The Justice Department on Monday appealed a federal judge’s ruling granting congressional Democrats access to grand jury evidence from special counsel Robert Mueller’s investigation and asked that judge to place a hold on the production of the material pending resolution of the appeal.
(MORE: Judge rules Justice Department must turn Mueller evidence over to House Committee )
In a court filing Monday, government lawyers argued that the Justice Department would be “irreparably harmed” if the grand jury materials were to be handed over to Congress, as the judge ordered on Friday.
“Once the information is disclosed, it cannot be recalled, and the confidentiality of the grand jury information will be lost for all time,” Justice Department lawyers wrote.
On Friday, D.C. District Court Chief Judge Beryl Howell ruled that the Justice Department must turn certain portions of former special counsel Robert Mueller’s grand jury evidence over to the House Judiciary Committee.
Last week’s ruling followed the House Judiciary Committee’s first request in July for access to “certain” Mueller grand jury materials, marking an early step toward impeachment, and the DOJ’s resistance to the request, stating law that prohibit the disclosure of information shared with grand juries.
Judge Howell ordered the Justice Department to hand over the material by Oct. 30.
Shortly after the DOJ filed its appeal on Monday, the judge ordered the Judiciary Committee to respond to the department by noon on Tuesday.

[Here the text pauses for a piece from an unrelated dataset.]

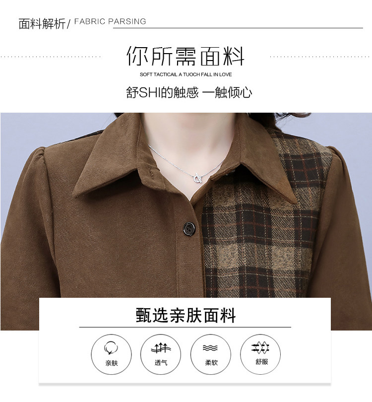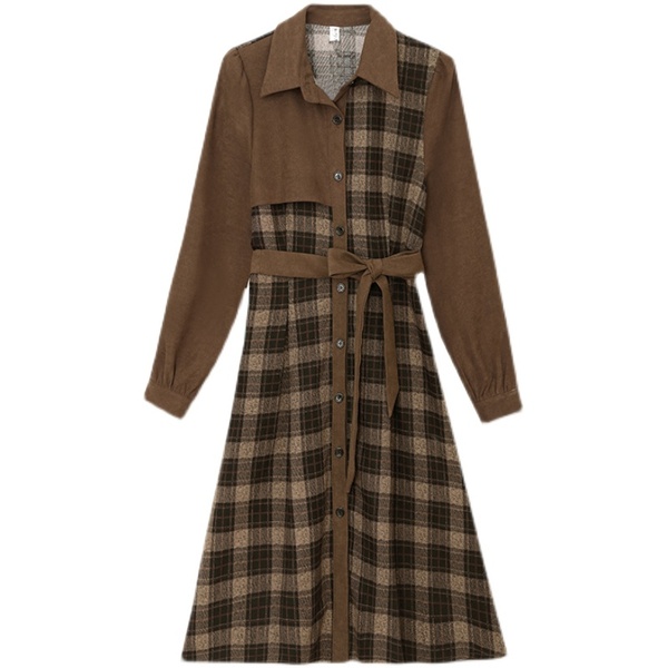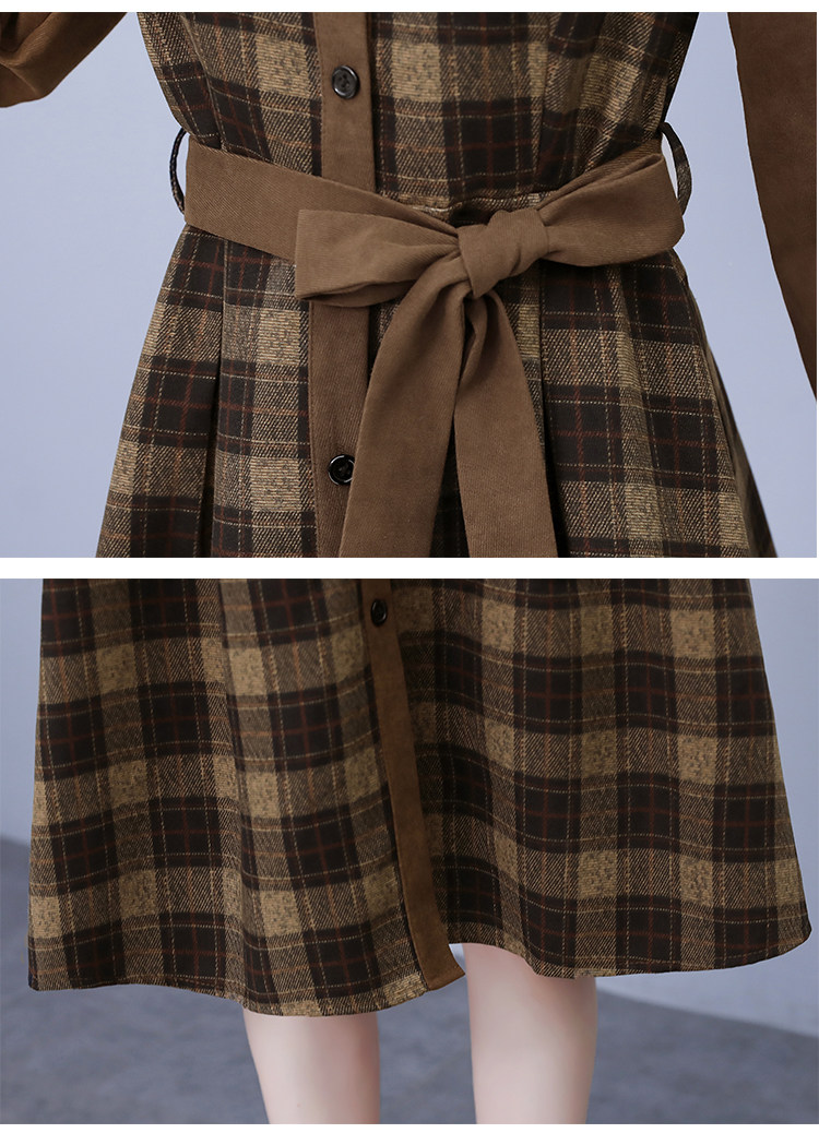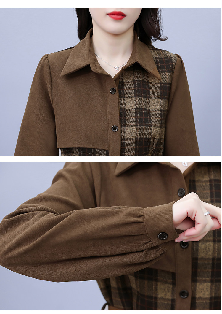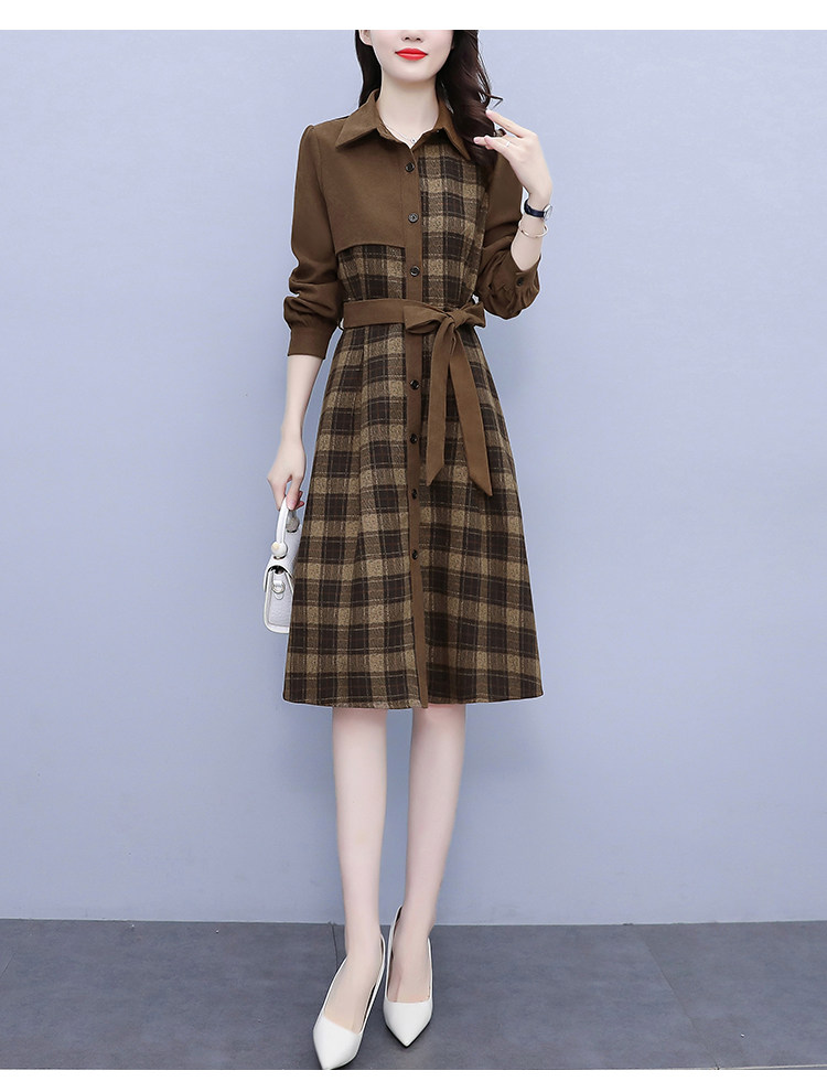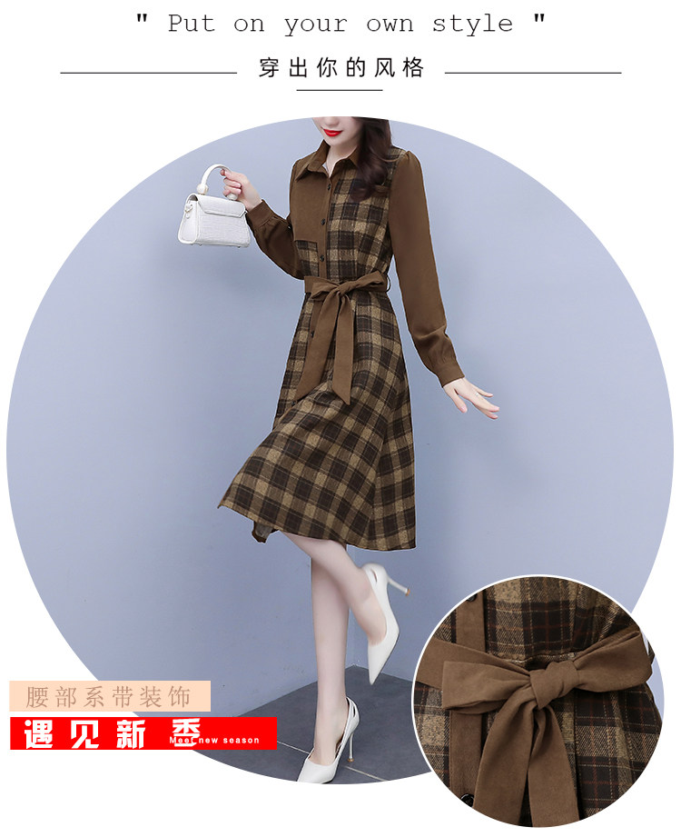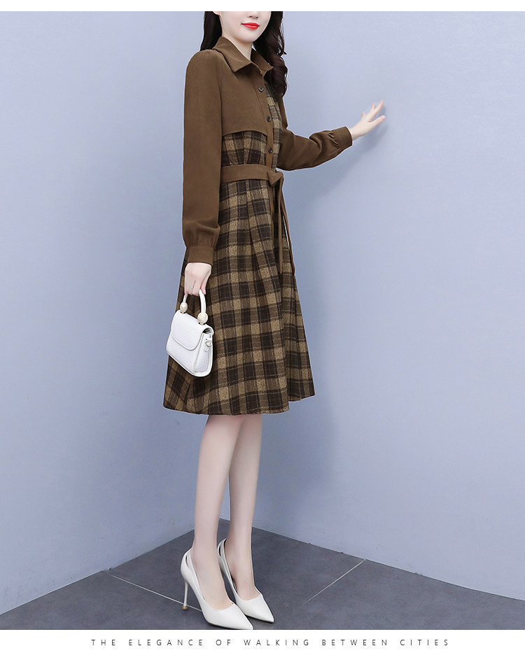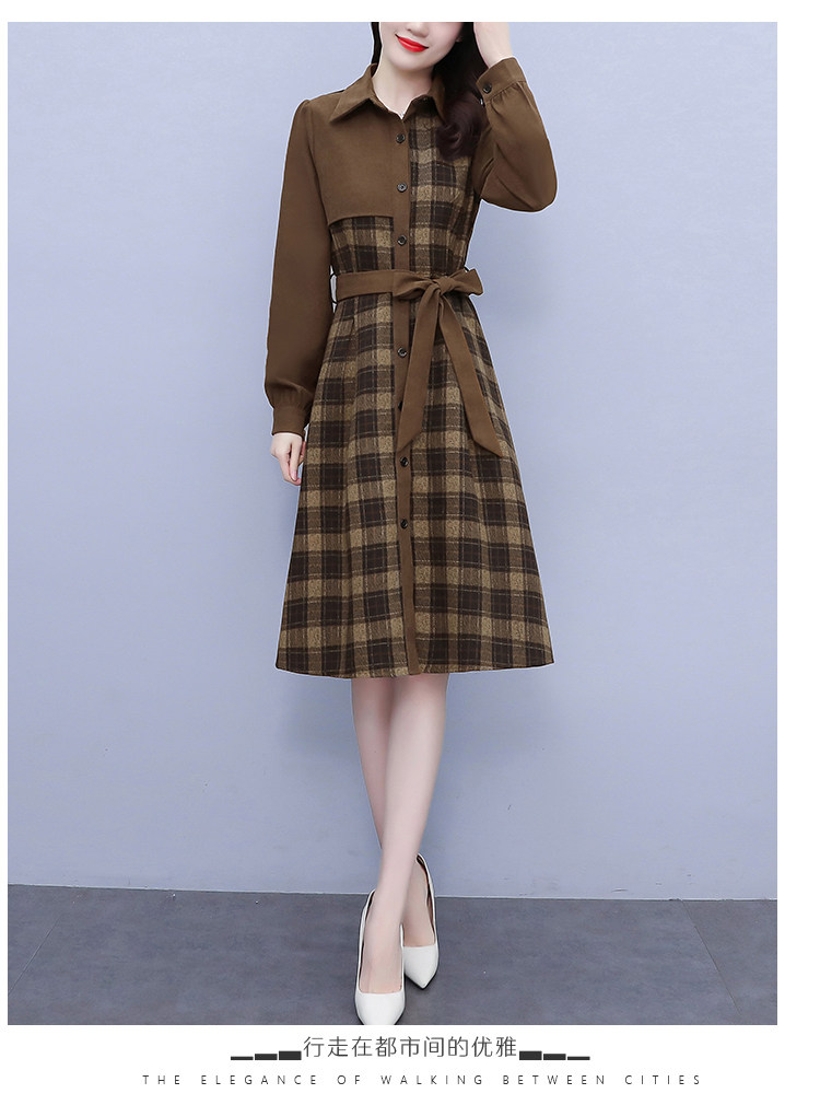 RM21299#大码女装百搭格纹撞色拼接套头衬衫领减龄显瘦连衣裙

In the ruling, Howell wrote that in light of the House’s ongoing impeachment inquiry into President Donald Trump, the Justice Department is “wrong” to assert all grand jury material need be kept secret, noting that several portions of the Mueller Report “are of interest” to the House Judiciary Committee, including the Trump Tower meeting, former Trump campaign chairman Paul Manafort’s sharing of of internal polling data with a Russian business associate, and WikiLeaks’ dissemination in July 2016 of stolen emails from Democratic political organizations and the Clinton campaign.
Howell ruled it was appropriate for the House to consider the grand jury evidence as part of a judicial process such an an impeachment inquiry.
In Monday’s appeal, however, DOJ questioned the relevance of the Mueller grand jury material with the current impeachment inquiry, pointing out that House Speaker Nancy Pelosi has announced that the probe would focus primarily on the whistleblower complaint and issues surrounding the Ukraine affair.
“Although the HJC claims that it needs the information promptly because it continues to investigate matters connected to the Mueller Report, there appears little dispute that, for now, that investigation is secondary, and Congressman Schiff and the House Intelligence Committee—not the Judiciary Committee—is the lead committee heading the congressional investigation,” DOJ wrote.
In last week’s ruling, Judge Howell also gave a blessing for House Democrats’ impeachment inquiry, dismissing Republicans’ weeks-long dispute against the legality of Democrats’ impeachment proceedings “at worst, red herrings and, at best, incorrect.”
In Monday’s court document the Justice Department doesn’t appear to directly respond to the judge’s endorsement of the impeachment inquiry as legal and constitutional.